**Task brief:** For the entries that follow, restate word for word the line containing "大理州永平縣第一中學(xué)2016年高一招生簡章", the line containing "In conclusion, Beacon", and every line that lies between them.

**Exercise data:**
════════════════════
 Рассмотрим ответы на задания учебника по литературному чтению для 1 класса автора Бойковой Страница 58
════════════════════
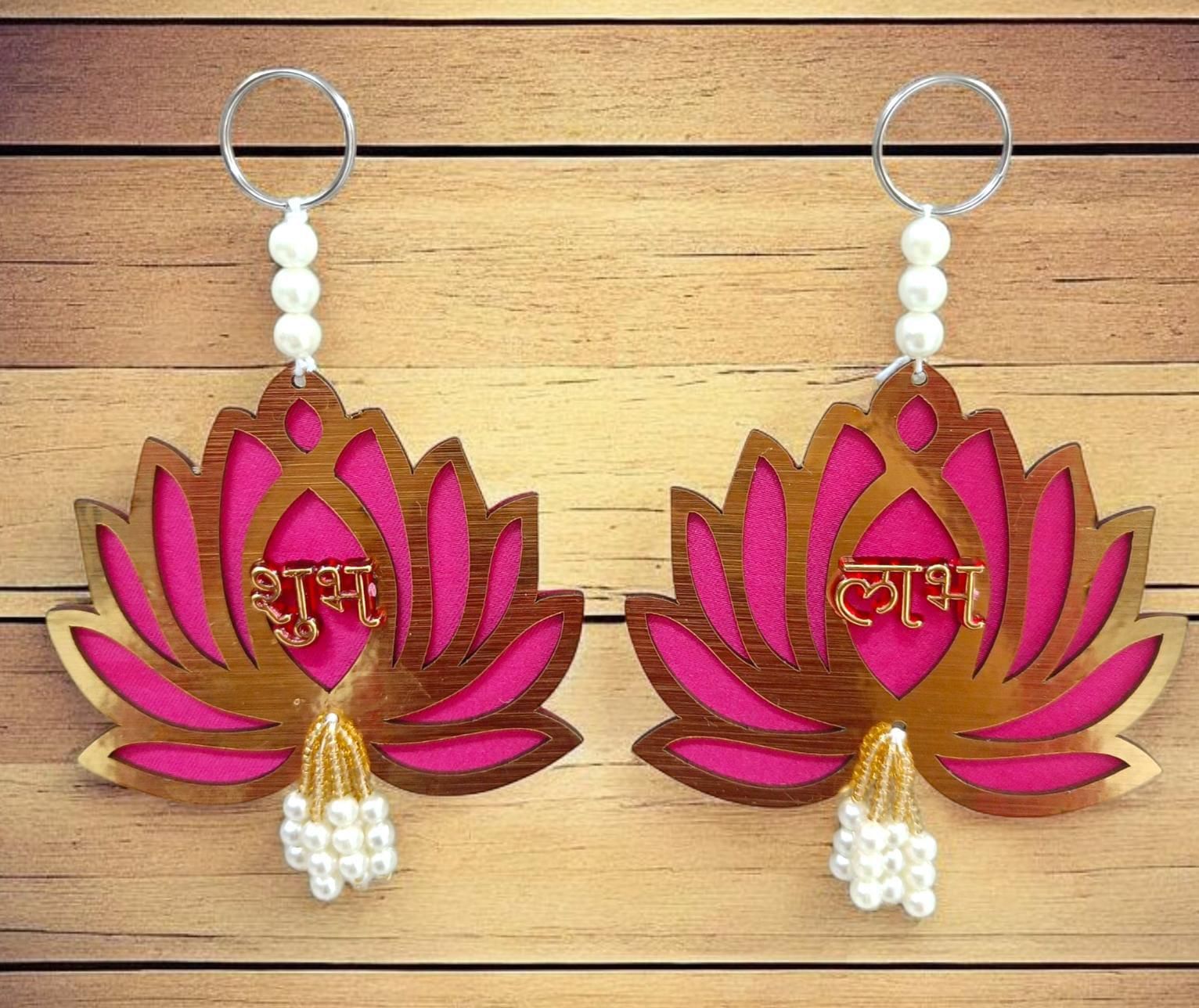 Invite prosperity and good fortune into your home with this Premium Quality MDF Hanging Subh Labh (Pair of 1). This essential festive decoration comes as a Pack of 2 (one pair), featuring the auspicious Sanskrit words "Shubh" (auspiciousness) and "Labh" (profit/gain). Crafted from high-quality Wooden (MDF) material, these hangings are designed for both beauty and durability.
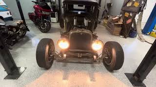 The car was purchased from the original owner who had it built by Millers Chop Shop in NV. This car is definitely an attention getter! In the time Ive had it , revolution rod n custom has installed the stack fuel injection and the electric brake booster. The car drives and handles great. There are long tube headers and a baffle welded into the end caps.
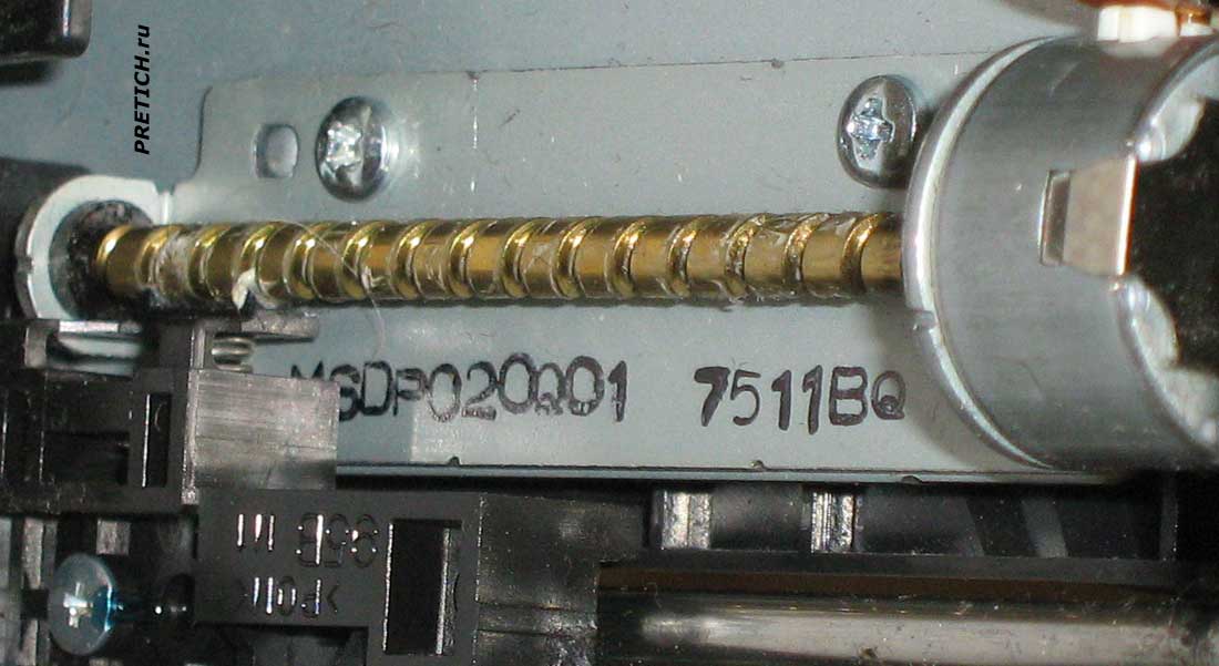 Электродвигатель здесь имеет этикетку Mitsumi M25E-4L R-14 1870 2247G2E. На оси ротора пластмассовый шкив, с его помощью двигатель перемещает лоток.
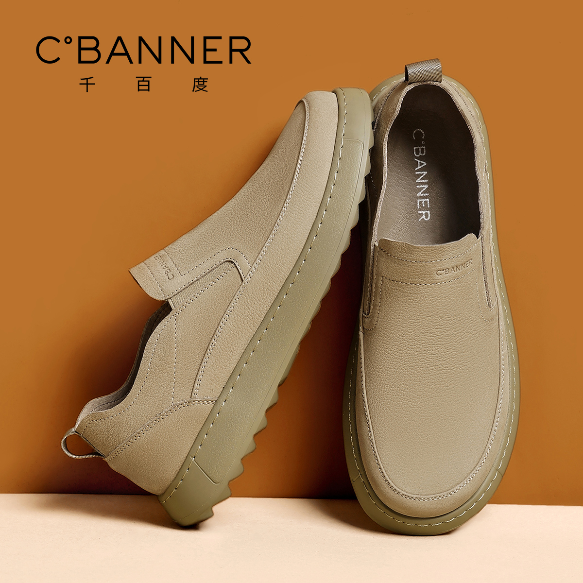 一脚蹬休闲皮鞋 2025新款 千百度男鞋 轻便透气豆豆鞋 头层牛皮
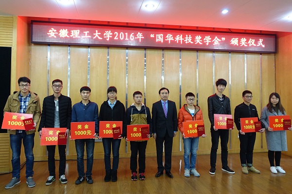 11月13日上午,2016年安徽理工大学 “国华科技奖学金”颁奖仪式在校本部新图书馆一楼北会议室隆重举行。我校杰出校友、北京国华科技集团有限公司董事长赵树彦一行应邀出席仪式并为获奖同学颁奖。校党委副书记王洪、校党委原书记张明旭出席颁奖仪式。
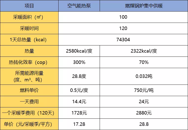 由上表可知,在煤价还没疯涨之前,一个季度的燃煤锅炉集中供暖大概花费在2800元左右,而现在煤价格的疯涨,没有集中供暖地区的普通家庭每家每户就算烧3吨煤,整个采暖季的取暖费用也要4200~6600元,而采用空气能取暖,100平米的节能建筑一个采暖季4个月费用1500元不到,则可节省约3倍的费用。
════════════════════
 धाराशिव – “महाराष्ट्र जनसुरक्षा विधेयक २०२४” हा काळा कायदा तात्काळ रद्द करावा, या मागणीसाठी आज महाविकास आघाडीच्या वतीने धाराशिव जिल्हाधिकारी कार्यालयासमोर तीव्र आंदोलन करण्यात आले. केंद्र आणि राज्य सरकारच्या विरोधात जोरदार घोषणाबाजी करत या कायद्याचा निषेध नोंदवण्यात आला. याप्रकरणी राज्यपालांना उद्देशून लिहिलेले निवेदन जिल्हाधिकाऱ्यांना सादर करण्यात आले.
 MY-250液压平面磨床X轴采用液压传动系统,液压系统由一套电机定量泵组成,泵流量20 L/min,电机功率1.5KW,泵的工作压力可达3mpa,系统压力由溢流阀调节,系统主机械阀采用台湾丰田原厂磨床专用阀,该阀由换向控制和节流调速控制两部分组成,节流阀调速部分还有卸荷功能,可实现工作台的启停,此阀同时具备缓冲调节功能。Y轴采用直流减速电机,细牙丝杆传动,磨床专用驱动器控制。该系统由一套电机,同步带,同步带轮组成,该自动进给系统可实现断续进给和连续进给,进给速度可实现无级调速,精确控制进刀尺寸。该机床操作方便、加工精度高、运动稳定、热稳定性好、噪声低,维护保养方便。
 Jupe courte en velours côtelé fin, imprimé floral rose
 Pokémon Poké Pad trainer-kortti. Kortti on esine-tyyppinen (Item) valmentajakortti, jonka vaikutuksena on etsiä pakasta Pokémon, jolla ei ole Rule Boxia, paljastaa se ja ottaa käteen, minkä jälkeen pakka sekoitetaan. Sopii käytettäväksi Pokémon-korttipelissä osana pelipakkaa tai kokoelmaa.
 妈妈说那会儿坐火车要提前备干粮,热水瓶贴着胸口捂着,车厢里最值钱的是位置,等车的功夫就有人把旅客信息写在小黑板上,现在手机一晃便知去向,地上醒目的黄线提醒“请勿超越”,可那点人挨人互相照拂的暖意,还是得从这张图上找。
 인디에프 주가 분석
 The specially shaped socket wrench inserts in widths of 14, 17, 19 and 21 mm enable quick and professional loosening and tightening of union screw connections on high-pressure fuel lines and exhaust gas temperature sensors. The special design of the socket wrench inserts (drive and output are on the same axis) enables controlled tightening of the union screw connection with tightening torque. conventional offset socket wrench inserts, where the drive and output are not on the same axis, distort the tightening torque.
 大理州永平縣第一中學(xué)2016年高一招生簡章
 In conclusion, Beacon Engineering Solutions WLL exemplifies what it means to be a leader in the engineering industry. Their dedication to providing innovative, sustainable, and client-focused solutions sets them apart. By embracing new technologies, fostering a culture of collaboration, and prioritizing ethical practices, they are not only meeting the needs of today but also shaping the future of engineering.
════════════════════
**Written response:**
 大理州永平縣第一中學(xué)2016年高一招生簡章
 In conclusion, Beacon Engineering Solutions WLL exemplifies what it means to be a leader in the engineering industry. Their dedication to providing innovative, sustainable, and client-focused solutions sets them apart. By embracing new technologies, fostering a culture of collaboration, and prioritizing ethical practices, they are not only meeting the needs of today but also shaping the future of engineering.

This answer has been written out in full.